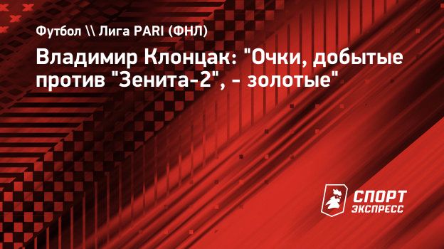 Владимир Клонцак: "Очки, добытые против "Зенита-2", - золотые"
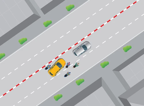 Chỉ cần tránh một xe nào đó bên phải, bạn sẽ vô tình biến mình thành gọng kìm chèn xe máy đang đi bên trái vào dải phân cách. Dòng ôtô nối đuôi nhau gần sát vào dải phân cách cứng còn đồng nghĩa với việc dành không gian nhiều hơn cho các xe khác đi phía bên phải.
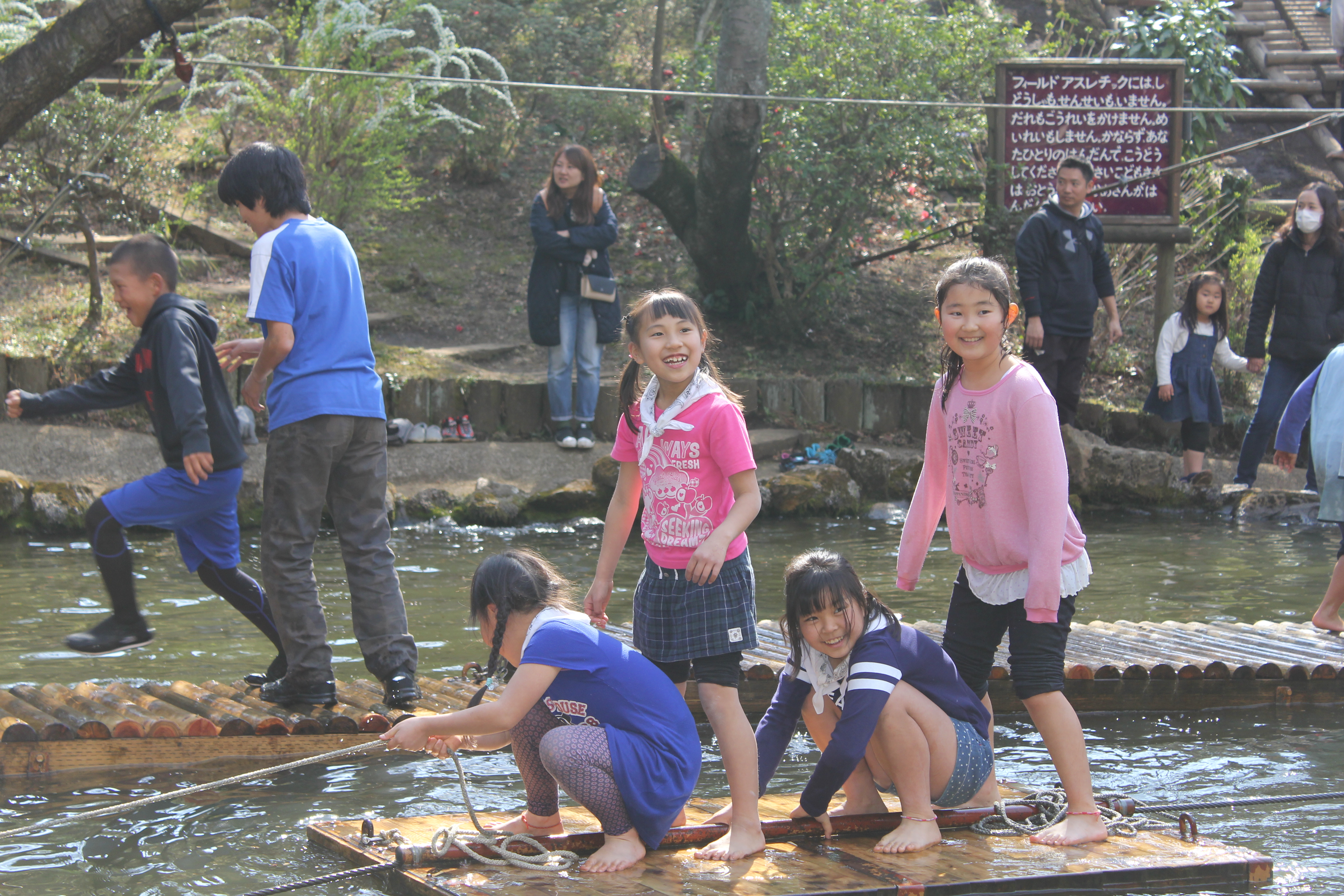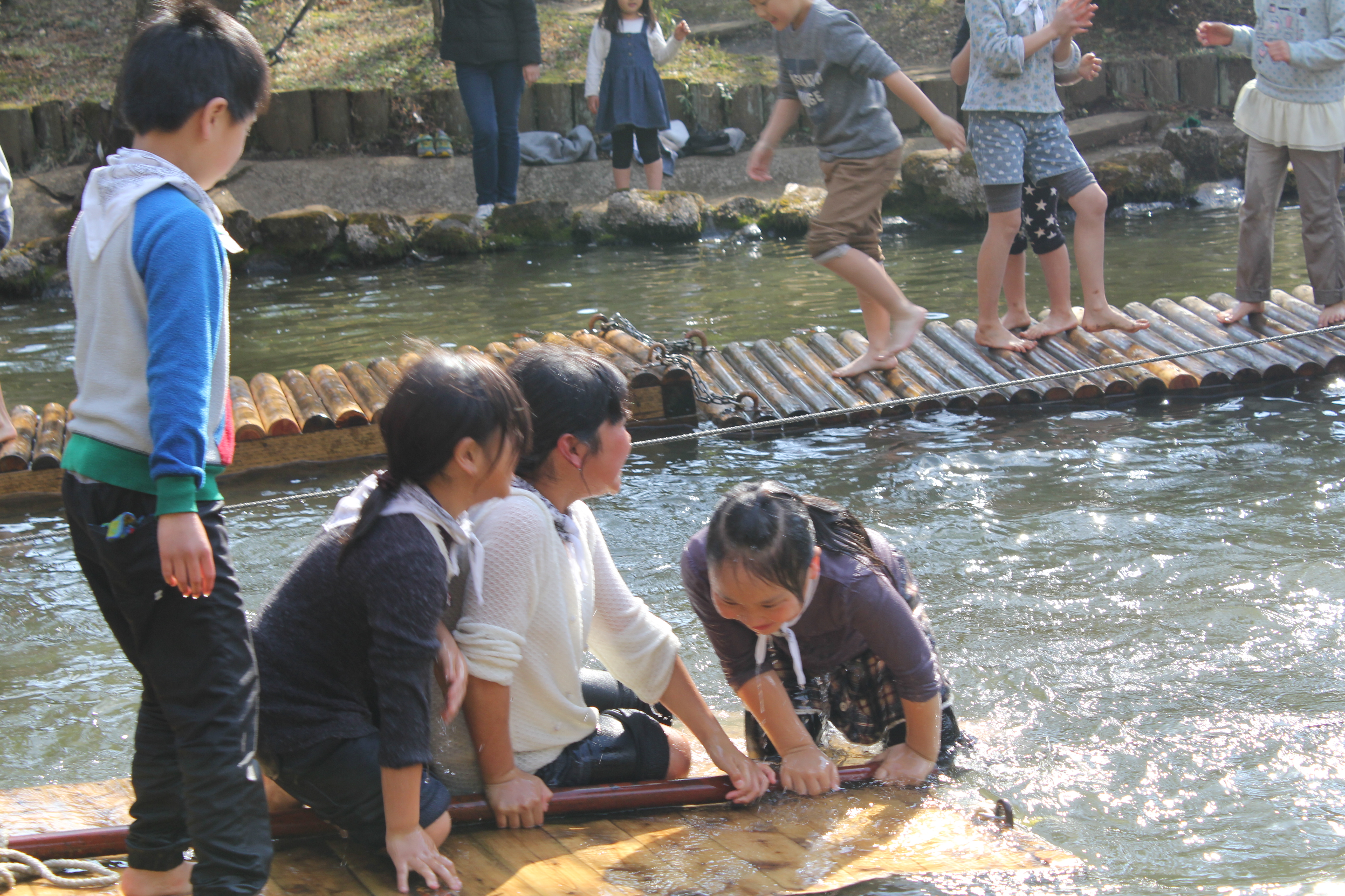 「水場アスレチック」では、いかだに乗って一生懸命ロープを使って移動するのですが、バランスを崩して池にポチャ!この瞬間を待ってましたといわんばかりに見ていた子ども達が大笑い( ´艸`)でも水遊びをするには少し早かったのか、着替えの時はぶるぶる震えながら着替えてました〜!風邪ひかなくて良かった(´∀`;)
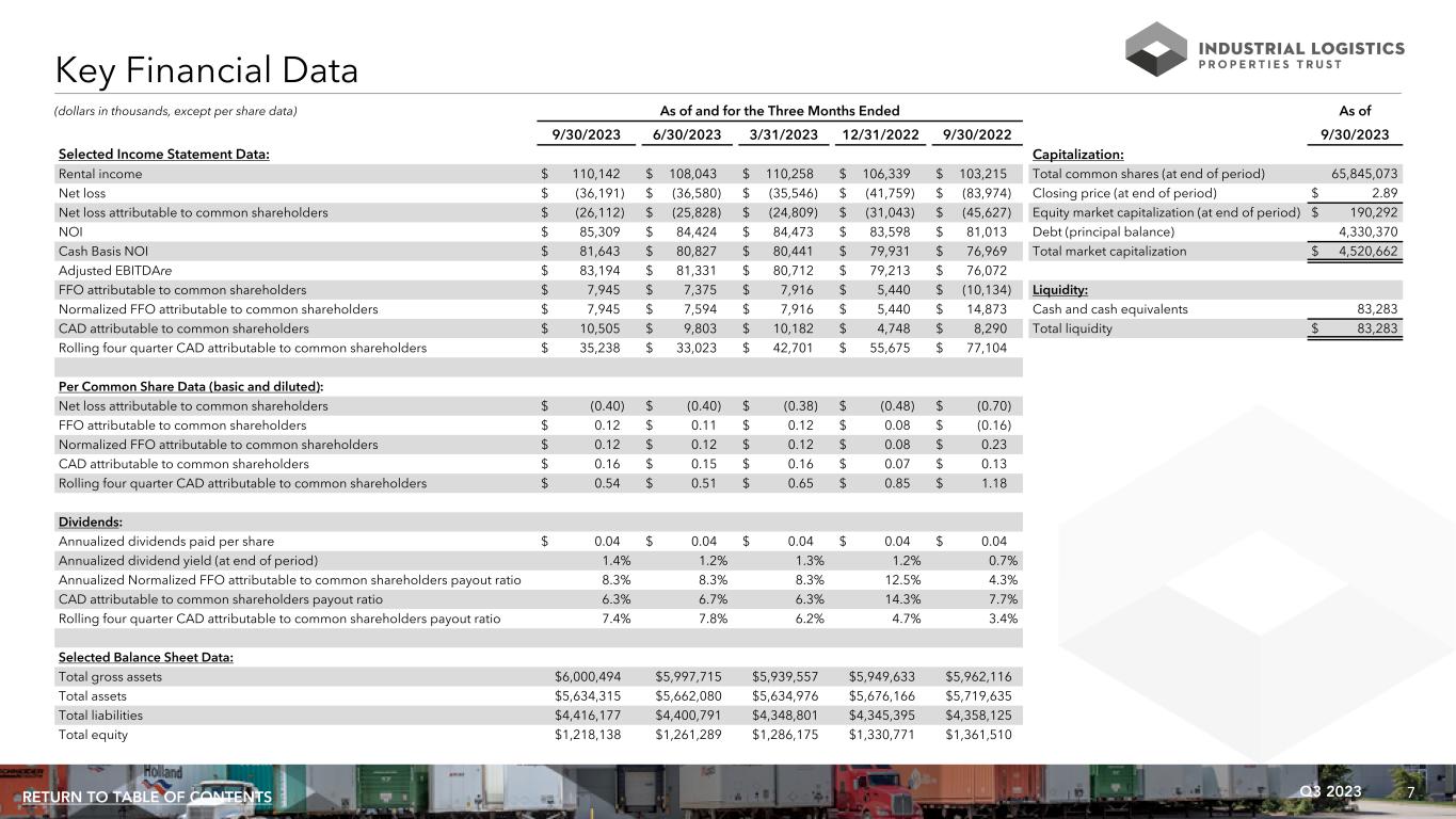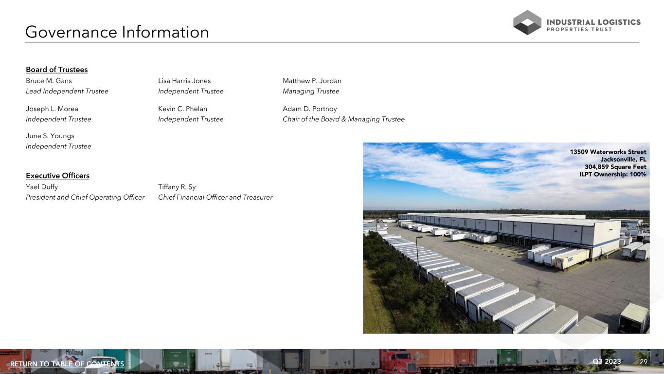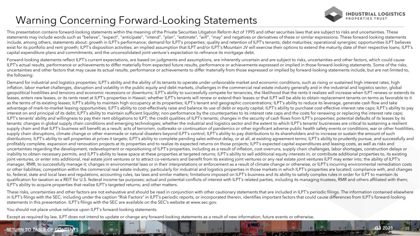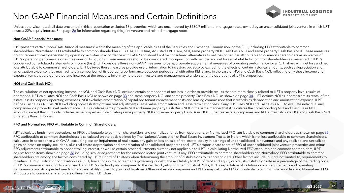 30Q3 2023RETURN TO TABLE OF CONTENTS Unless otherwise noted, all data presented in this presentation excludes 18 properties, which are encumbered by $530.7 million of mortgage notes, owned by an unconsolidated joint venture in which ILPT owns a 22% equity interest. See page 26 for information regarding this joint venture and related mortgage notes. Non-GAAP Financial Measures: ILPT presents certain “non-GAAP financial measures” within the meaning of the applicable rules of the Securities and Exchange Commission, or the SEC, including FFO attributable to common shareholders, Normalized FFO attributable to common shareholders, EBITDA, EBITDAre, Adjusted EBITDAre, NOI, same property NOI, Cash Basis NOI and same property Cash Basis NOI. These measures do not represent cash generated by operating activities in accordance with GAAP and should not be considered alternatives to net loss or net loss attributable to common shareholders as indicators of ILPT's operating performance or as measures of its liquidity. These measures should be considered in conjunction with net loss and net loss attributable to common shareholders as presented in ILPT's condensed consolidated statements of income (loss). ILPT considers these non-GAAP measures to be appropriate supplemental measures of operating performance for a REIT, along with net loss and net loss attributable to common shareholders. ILPT believes these measures provide useful information to investors because by excluding the effects of certain historical amounts, such as depreciation and amortization expense, they may facilitate a comparison of its operating performance between periods and with other REITs and, in the case of NOI and Cash Basis NOI, reflecting only those income and expense items that are generated and incurred at the property level may help both investors and management to understand the operations of ILPT's properties. NOI and Cash Basis NOI: The calculations of net operating income, or NOI, and Cash Basis NOI exclude certain components of net loss in order to provide results that are more closely related to ILPT's property level results of operations. ILPT calculates NOI and Cash Basis NOI as shown on page 33 and same property NOI and same property Cash Basis NOI as shown on page 34. ILPT defines NOI as income from its rental of real estate less its property operating expenses. NOI excludes amortization of capitalized tenant improvement costs and leasing commissions that it records as depreciation and amortization expense. ILPT defines Cash Basis NOI as NOI excluding non-cash straight line rent adjustments, lease value amortization and lease termination fees, if any. ILPT uses NOI and Cash Basis NOI to evaluate individual and company-wide property level performance. ILPT calculates same property NOI and same property Cash Basis NOI in the same manner that it calculates the corresponding NOI and Cash Basis NOI amounts, except that ILPT only includes same properties in calculating same property NOI and same property Cash Basis NOI. Other real estate companies and REITs may calculate NOI and Cash Basis NOI differently than ILPT does. FFO and Normalized FFO Attributable to Common Shareholders: ILPT calculates funds from operations, or FFO, attributable to common shareholders and normalized funds from operations, or Normalized FFO, attributable to common shareholders as shown on page 36. FFO attributable to common shareholders is calculated on the basis defined by The National Association of Real Estate Investment Trusts, or Nareit, which is net loss attributable to common shareholders, calculated in accordance with GAAP, excluding loss on impairment of real estate, any gain or loss on sale of real estate, equity in earnings of unconsolidated joint venture and any realized and unrealized gains or losses on equity securities, plus real estate depreciation and amortization of consolidated properties and ILPT's proportionate share of FFO of unconsolidated joint venture properties and minus FFO adjustments attributable to noncontrolling interest, as well as certain other adjustments currently not applicable to ILPT. In calculating Normalized FFO attributable to common shareholders, ILPT adjusts for the items shown on page 36 including similar adjustments for the unconsolidated joint venture, if any. FFO attributable to common shareholders and Normalized FFO attributable to common shareholders are among the factors considered by ILPT's Board of Trustees when determining the amount of distributions to its shareholders. Other factors include, but are not limited to, requirements to maintain ILPT's qualification for taxation as a REIT, limitations in the agreements governing its debt, the availability to ILPT of debt and equity capital, its distribution rate as a percentage of the trading price of ILPT's common shares, or dividend yield, and ILPT's dividend yield compared to the dividend yields of other industrial REITs, ILPT's expectation of its future capital requirements and operating performance and its expected needs for and availability of cash to pay its obligations. Other real estate companies and REITs may calculate FFO attributable to common shareholders and Normalized FFO attributable to common shareholders differently than ILPT does. Non-GAAP Financial Measures and Certain Definitions
= = = =
§ **Work task**:
Output all of the listing above, exactly as given, but without its pictures.

§ **Result of the exercise**:
 Владимир Клонцак: "Очки, добытые против "Зенита-2", - золотые"
 Chỉ cần tránh một xe nào đó bên phải, bạn sẽ vô tình biến mình thành gọng kìm chèn xe máy đang đi bên trái vào dải phân cách. Dòng ôtô nối đuôi nhau gần sát vào dải phân cách cứng còn đồng nghĩa với việc dành không gian nhiều hơn cho các xe khác đi phía bên phải.
 「水場アスレチック」では、いかだに乗って一生懸命ロープを使って移動するのですが、バランスを崩して池にポチャ!この瞬間を待ってましたといわんばかりに見ていた子ども達が大笑い( ´艸`)でも水遊びをするには少し早かったのか、着替えの時はぶるぶる震えながら着替えてました〜!風邪ひかなくて良かった(´∀`;)
 30Q3 2023RETURN TO TABLE OF CONTENTS Unless otherwise noted, all data presented in this presentation excludes 18 properties, which are encumbered by $530.7 million of mortgage notes, owned by an unconsolidated joint venture in which ILPT owns a 22% equity interest. See page 26 for information regarding this joint venture and related mortgage notes. Non-GAAP Financial Measures: ILPT presents certain “non-GAAP financial measures” within the meaning of the applicable rules of the Securities and Exchange Commission, or the SEC, including FFO attributable to common shareholders, Normalized FFO attributable to common shareholders, EBITDA, EBITDAre, Adjusted EBITDAre, NOI, same property NOI, Cash Basis NOI and same property Cash Basis NOI. These measures do not represent cash generated by operating activities in accordance with GAAP and should not be considered alternatives to net loss or net loss attributable to common shareholders as indicators of ILPT's operating performance or as measures of its liquidity. These measures should be considered in conjunction with net loss and net loss attributable to common shareholders as presented in ILPT's condensed consolidated statements of income (loss). ILPT considers these non-GAAP measures to be appropriate supplemental measures of operating performance for a REIT, along with net loss and net loss attributable to common shareholders. ILPT believes these measures provide useful information to investors because by excluding the effects of certain historical amounts, such as depreciation and amortization expense, they may facilitate a comparison of its operating performance between periods and with other REITs and, in the case of NOI and Cash Basis NOI, reflecting only those income and expense items that are generated and incurred at the property level may help both investors and management to understand the operations of ILPT's properties. NOI and Cash Basis NOI: The calculations of net operating income, or NOI, and Cash Basis NOI exclude certain components of net loss in order to provide results that are more closely related to ILPT's property level results of operations. ILPT calculates NOI and Cash Basis NOI as shown on page 33 and same property NOI and same property Cash Basis NOI as shown on page 34. ILPT defines NOI as income from its rental of real estate less its property operating expenses. NOI excludes amortization of capitalized tenant improvement costs and leasing commissions that it records as depreciation and amortization expense. ILPT defines Cash Basis NOI as NOI excluding non-cash straight line rent adjustments, lease value amortization and lease termination fees, if any. ILPT uses NOI and Cash Basis NOI to evaluate individual and company-wide property level performance. ILPT calculates same property NOI and same property Cash Basis NOI in the same manner that it calculates the corresponding NOI and Cash Basis NOI amounts, except that ILPT only includes same properties in calculating same property NOI and same property Cash Basis NOI. Other real estate companies and REITs may calculate NOI and Cash Basis NOI differently than ILPT does. FFO and Normalized FFO Attributable to Common Shareholders: ILPT calculates funds from operations, or FFO, attributable to common shareholders and normalized funds from operations, or Normalized FFO, attributable to common shareholders as shown on page 36. FFO attributable to common shareholders is calculated on the basis defined by The National Association of Real Estate Investment Trusts, or Nareit, which is net loss attributable to common shareholders, calculated in accordance with GAAP, excluding loss on impairment of real estate, any gain or loss on sale of real estate, equity in earnings of unconsolidated joint venture and any realized and unrealized gains or losses on equity securities, plus real estate depreciation and amortization of consolidated properties and ILPT's proportionate share of FFO of unconsolidated joint venture properties and minus FFO adjustments attributable to noncontrolling interest, as well as certain other adjustments currently not applicable to ILPT. In calculating Normalized FFO attributable to common shareholders, ILPT adjusts for the items shown on page 36 including similar adjustments for the unconsolidated joint venture, if any. FFO attributable to common shareholders and Normalized FFO attributable to common shareholders are among the factors considered by ILPT's Board of Trustees when determining the amount of distributions to its shareholders. Other factors include, but are not limited to, requirements to maintain ILPT's qualification for taxation as a REIT, limitations in the agreements governing its debt, the availability to ILPT of debt and equity capital, its distribution rate as a percentage of the trading price of ILPT's common shares, or dividend yield, and ILPT's dividend yield compared to the dividend yields of other industrial REITs, ILPT's expectation of its future capital requirements and operating performance and its expected needs for and availability of cash to pay its obligations. Other real estate companies and REITs may calculate FFO attributable to common shareholders and Normalized FFO attributable to common shareholders differently than ILPT does. Non-GAAP Financial Measures and Certain Definitions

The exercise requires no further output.